1. Given a point $x_k$
2. Derive descent direction $d_k \in R^n$ 

    i.e. $\nabla f(x_k)^T d^k < 0$

    Steepest Descent: Compute gradient at $x_k$
    
    $d_k = - \nabla f(x_k) $

3. Decide on a step-size $\alpha _k$

    Exact search: $ \alpha _k \in argmin_{\alpha >= 0} f(x_k + \alpha d_k)$

    Backtracking and other methods can also be used

4. Transition to the next point

    $x_{k+1} = x_k + \alpha _k d_k$

# Towards a General Newton-Raphson Method

Issues so far with 1-D:
- Only applicable to single dimension
- Algorithm may cycle
- It may fail to find a descent direction as we are not checking if min or max approx 
- It may converge to a saddle point or a local maximum

## Multivariate Newton-Raphson (2nd order)

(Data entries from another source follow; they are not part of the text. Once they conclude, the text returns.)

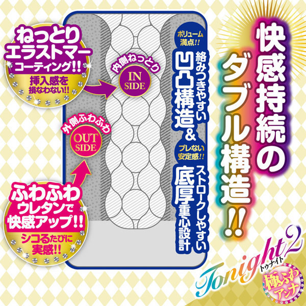 前作「トゥナイト」に続き、肉厚なふわふわウレタンが包み込む極ふわverのオナホ「トゥナイト2」が登場。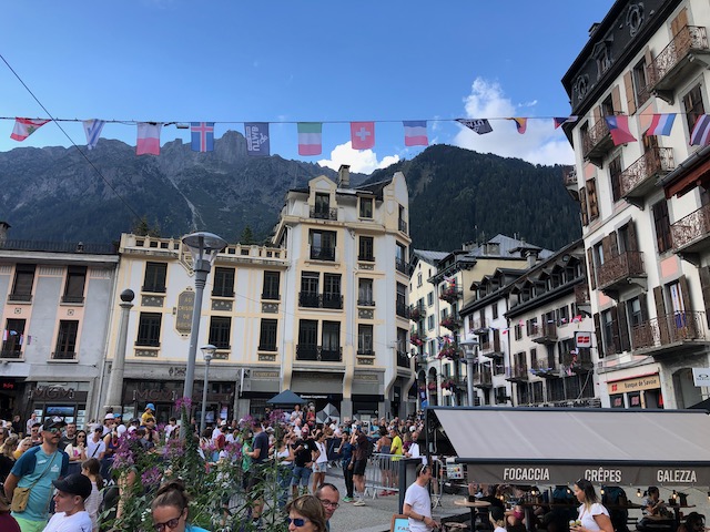 Le jour J, l’ambiance est électrique sur la place Triangle de l’amitié de Chamonix où coureurs et supporters sont agglutinés pour former une foule immense, très motivée et bien sûr bruyante, sur une musique très entraînante, les athlètes méritent bien ça!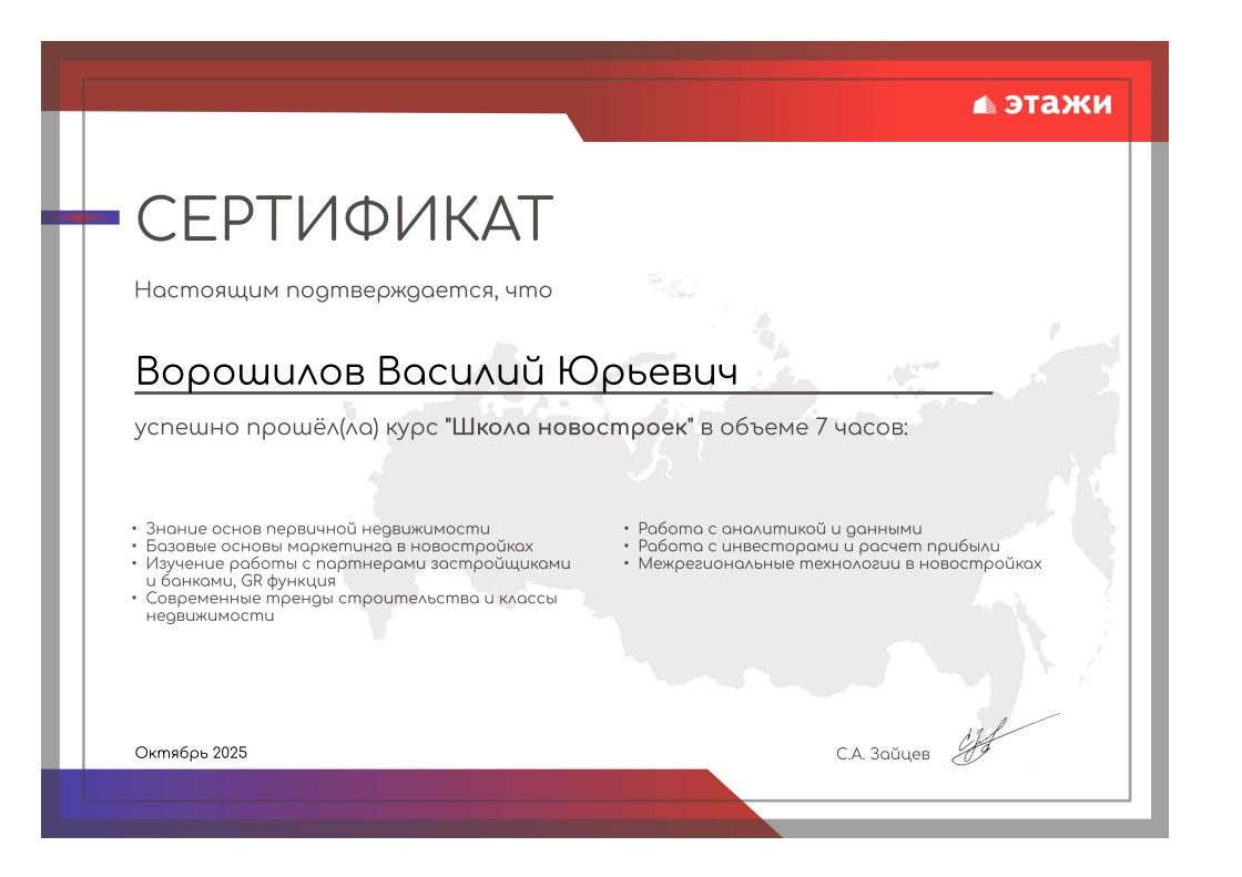 Василий - чёткий, конкретный, деловой специалист. Профессионал! Знает город, знает лучшие предложения, знает перспективы развития города, знает где лучше всего проинвестировать в недвижимость (цены вырастут в ближайшее время). Это очень круто! Квартира, которую мы купили чуть более месяца назад подорожала у застройщика уже на 700 тысяч. Василий так и говорил, когда нашёл для нас это предложение....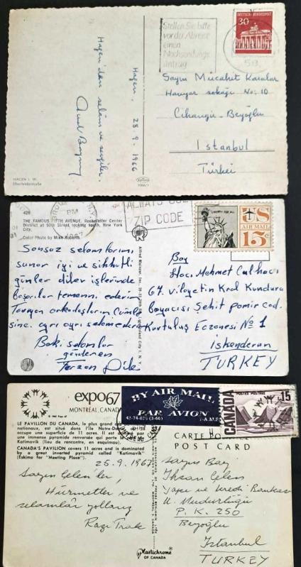 ALMANYA. AMERİKA VE CANADA KARIŞIK KART LOTU. POSTADAN GEÇMİŞ. TÜRKİYE YE GÖNDERİLMİŞ KAARTPOSTAL. 1960LAR...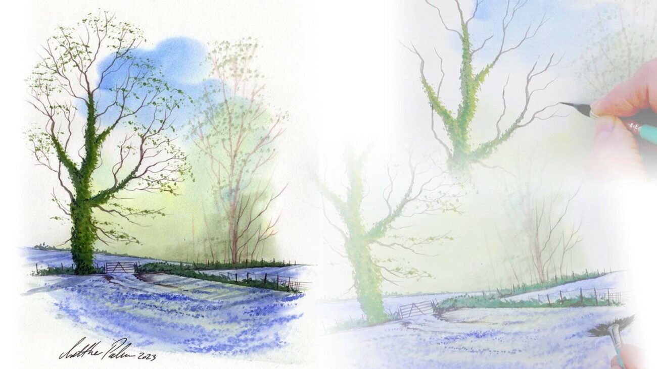 Paint this quick little bluebell painting featuring an ivy covered tree.

1. As in 1-D case we construct a **quadratic** approximation around the current iterated $x_k$

$f(x) \approx f(x_k) + \nabla f(x_k)^T(x - x_k) + \frac{1}{2}(x - x_k)^T \nabla ^2 f(x_k)(x - x_k) \triangleq q(x)$

2. Apply FONC to $q(x)$

$ 0 = \nabla q(x) = \nabla f(x_k) + \nabla ^2 f(x_k) (x - x_k)$

3. Assume that $\nabla ^2 f(x_k) \succsim 0$ (i.e. positive definite), then

$ x_{k + 1} = x_k - \nabla ^2 f(x_k)^{-1} \nabla f(x_k) $

In [9]:
import autograd.numpy as np
import autograd
np.set_printoptions(formatter={'float': lambda x: "{0:0.3f}".format(x)})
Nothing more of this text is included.